Choosing the stimulus ramp length in the above experiment was based upon several tests. We recorded activation curves at increasing ramp speed, with the steepest being a machine-limited 10-ms “pulse” (Fig. S1). Short ramps (<100 ms) elicited activation curves with higher pressure midpoints (p0.5), apparently due to the combined viscosity in the pneumatic system and kinetic delays in channel response. As the ramp length increases beyond 250 ms, p0.5 in the given patch stabilizes at 120 mmHg. We also found that with ramps longer than 5 s, the final current level progressively decreases, which can be ascribed to channel inactivation (Akitake et al., 2005). Based on these data, 1-s ramps were chosen as the preferred stimulus for measuring channel activation, as the population response in this regimen is not visibly limited by channel opening kinetics and the effect of inactivation along the ramp is negligible.

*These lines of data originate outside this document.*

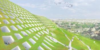 Часть «биоморфной» поверхности искусственного холма будет поглощать солнечную энергию, но основная площадь покроется живой изумрудной травой или важными сельскохозяйственными культурами. Растения, в свою очередь, создадут жизненную среду для насекомых и, вероятно, нескольких видов птиц.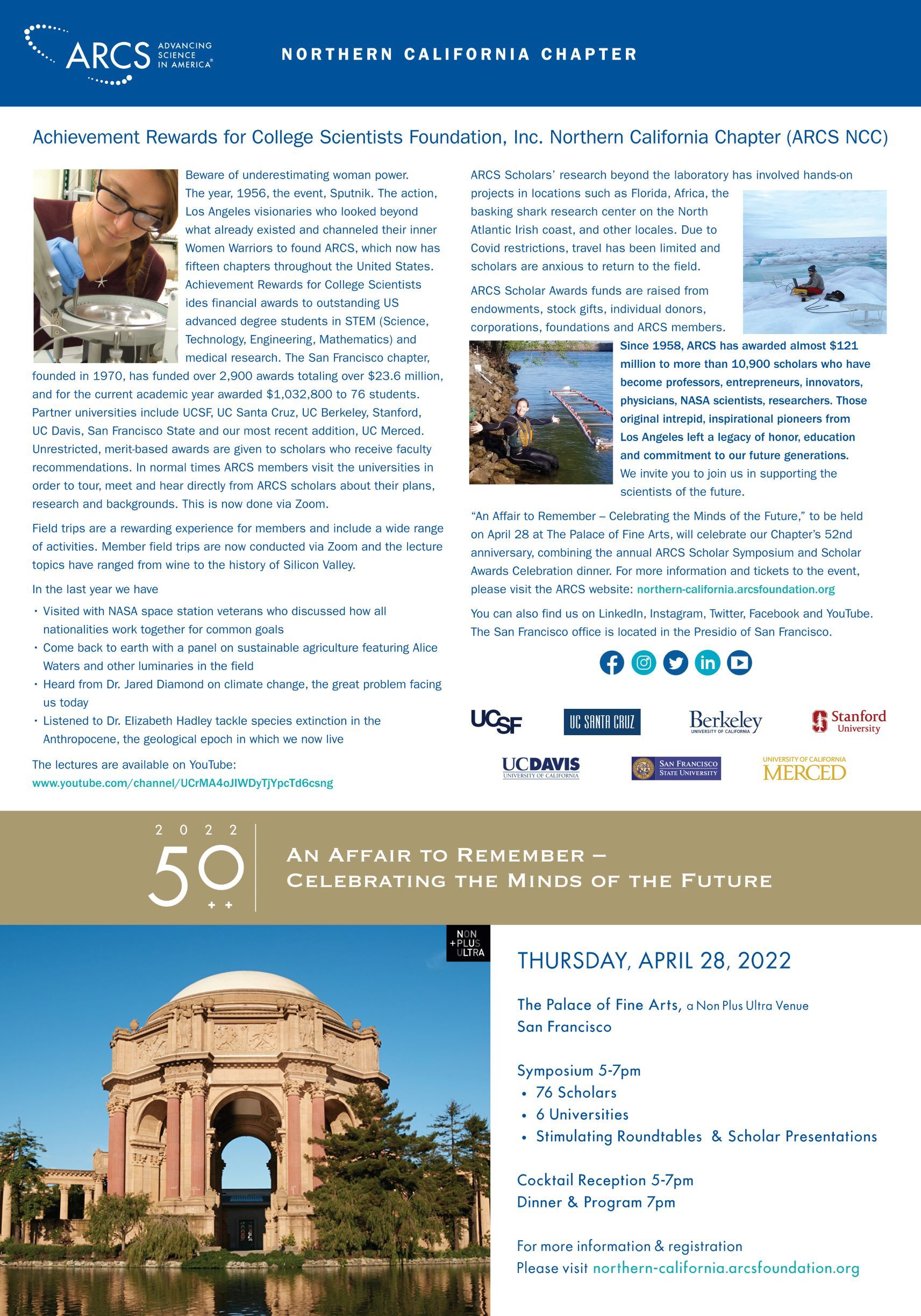 Since 1970, the Northern California Chapter has funded more than 2,900 Scholar Awards totaling over $23.6M. For the academic year 2021-22 the Chapter provided over $1m to 76 ARCS Scholars at six universities in Northern California (San Francisco State University, Stanford University, UC Berkeley, UC Davis, UC San Francisco, and UC Santa Cruz). Our latest university partner, UC Merced, will have ARCS Scholars in the 2022-23 academic year.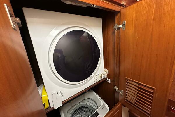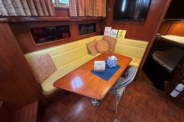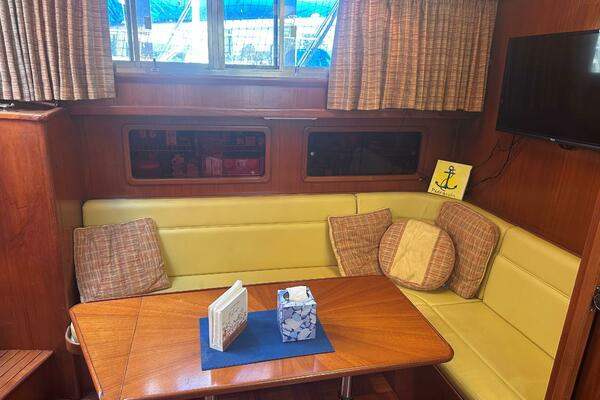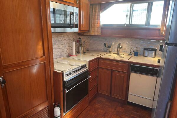Moving aft , up three steps, from the crew quarters to amidship is the full size galley. A four burner electric stove with oven, new full size microwave, large SS sink, apartment size dish washer, and a new full size refrigerator/freezer (drawing only 2.7 amps) starboard side in a "U" shape complete the appliances. Port side there is an "L" shaped dinette seating five. The galley also contains ample storage for long voyages and a wall mounted TV for entertainment. The galley has its own independent air conditioning system.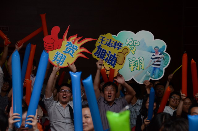 在激揚(yáng)的歌曲聯(lián)唱《五月的花海》中,歌唱比賽正式開(kāi)始。16名選手按組別輪流登場(chǎng),現(xiàn)場(chǎng)精彩萬(wàn)分。歌聲或激蕩高昂,或宛轉(zhuǎn)悠揚(yáng),或徐徐如風(fēng),或渾厚有力;表現(xiàn)力或動(dòng)感十足,或動(dòng)靜相宜,或幽靜宜人;曲風(fēng)各異,或熱辣奔放,或溫暖抒情,或自然歡快,或懷舊悠揚(yáng)。啦啦隊(duì)陣容也不容小覷,加油牌、口哨、熒光棒一應(yīng)俱全,或歌唱伊始吶喊助威,或伴隨著歌聲興奮地?fù)]舞著手臂,更有甚者激動(dòng)地走到臺(tái)上為選手喝彩,臺(tái)上臺(tái)下照相印襯、融為一體。期間,軍企拉歌、擊鼓傳花等活動(dòng)環(huán)節(jié)也將比賽推向一個(gè)又一個(gè)高潮。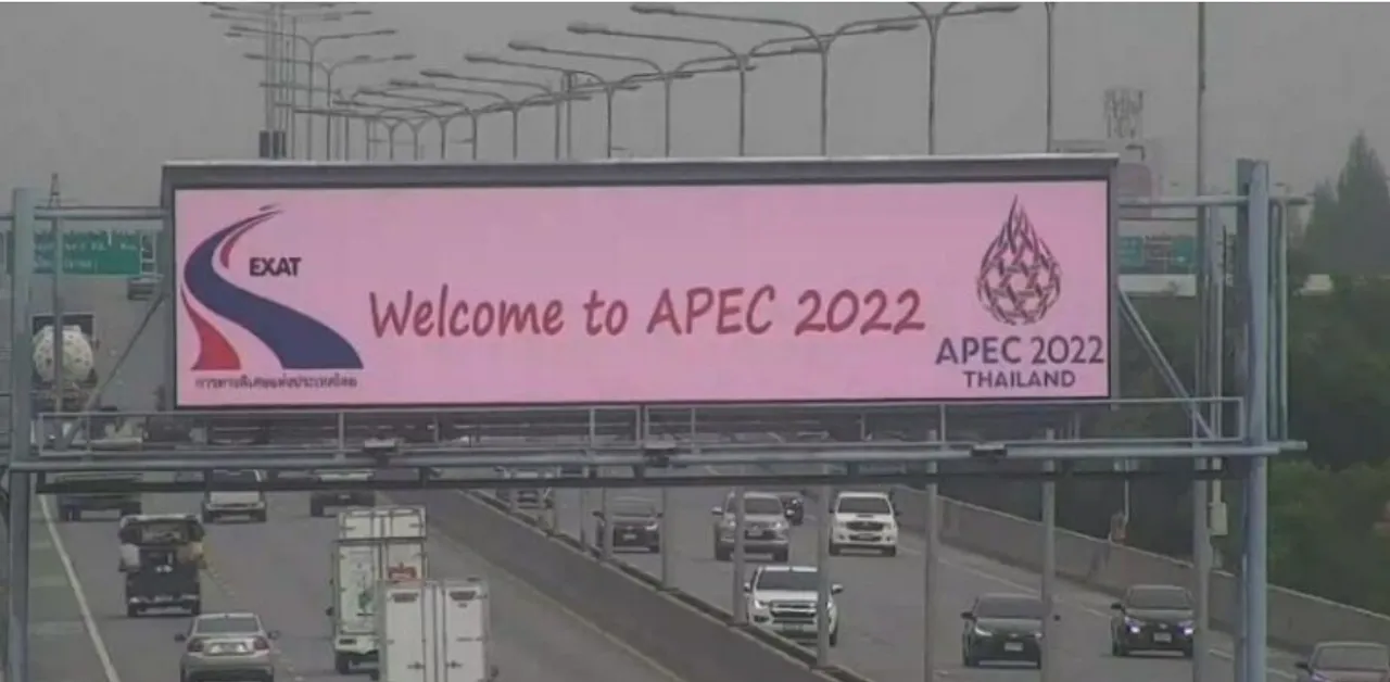 วันที่ 15 พ.ย. 2565 น.ส.ไตรศุลี ไตรสรณกุล รองโฆษกประจำสำนักนายกรัฐมนตรี กล่าวว่า จากกรณีที่สื่อสังคมออนไลน์ได้เผยแพร่ภาพป้ายปรับเปลี่ยนข้อความ (VMS) บนทางพิเศษฉลองรัช ที่ขึ้นข้อความต้อนรับการประชุมผู้นำเอเปก แล้วมีข้อความบางคำมีตัวอักษรตกหล่นนั้น การทางพิเศษแห่งประเทศไทย (กทพ.) ซึ่งเป็นหน่วยงานดูแลพื้นที่ได้แจ้งว่า จุดที่มีตัวอักษรตกหล่นนั้นเป็นป้าย VMS แบบ Full LED ที่ติดตั้งบนทางพิเศษฉลองรัชบางป้าย และ กพท. ได้ดำเนินการแก้ไขทันทีที่ตรวจสอบพบว่าข้อความตกหล่น ตั้งแต่วันเสาร์ที่ 12 พ.ย. 65 ส่วนข้อความบนป้าย VMS บนทางพิเศษอีก 7 สายทางไม่มีข้อผิดพลาดแต่อย่างใด

Using triangular ramps, we compared responses to ascending and descending stimuli. With longer ramps, we detected midpoint deviations from those observed under standard conditions (1-s ramp). Fig. S2 shows MscS and MscL population responses to saturating ascending and descending pressure ramps of different length. Ramps shorter than 1 s invariably result in the midpoints of both MscS and MscL being lower on the descending leg of the ramp than on the ascending leg. As ramp length is increased, the midpoint pressure on the descending leg of the ramp (closing direction) “catches up” and eventually surpasses the opening midpoint pressure. In four independent patches, the p0.5 (opening)/p0.5 (closing) ratio of MscS channels on 1-s ramps was found to be 17 ± 7% higher than that on 20-s ramps. Hysteresis is apparently kinetic in nature and can be explained by a relatively slow closing rate and opposite character of tension dependencies for the opening and closing rates.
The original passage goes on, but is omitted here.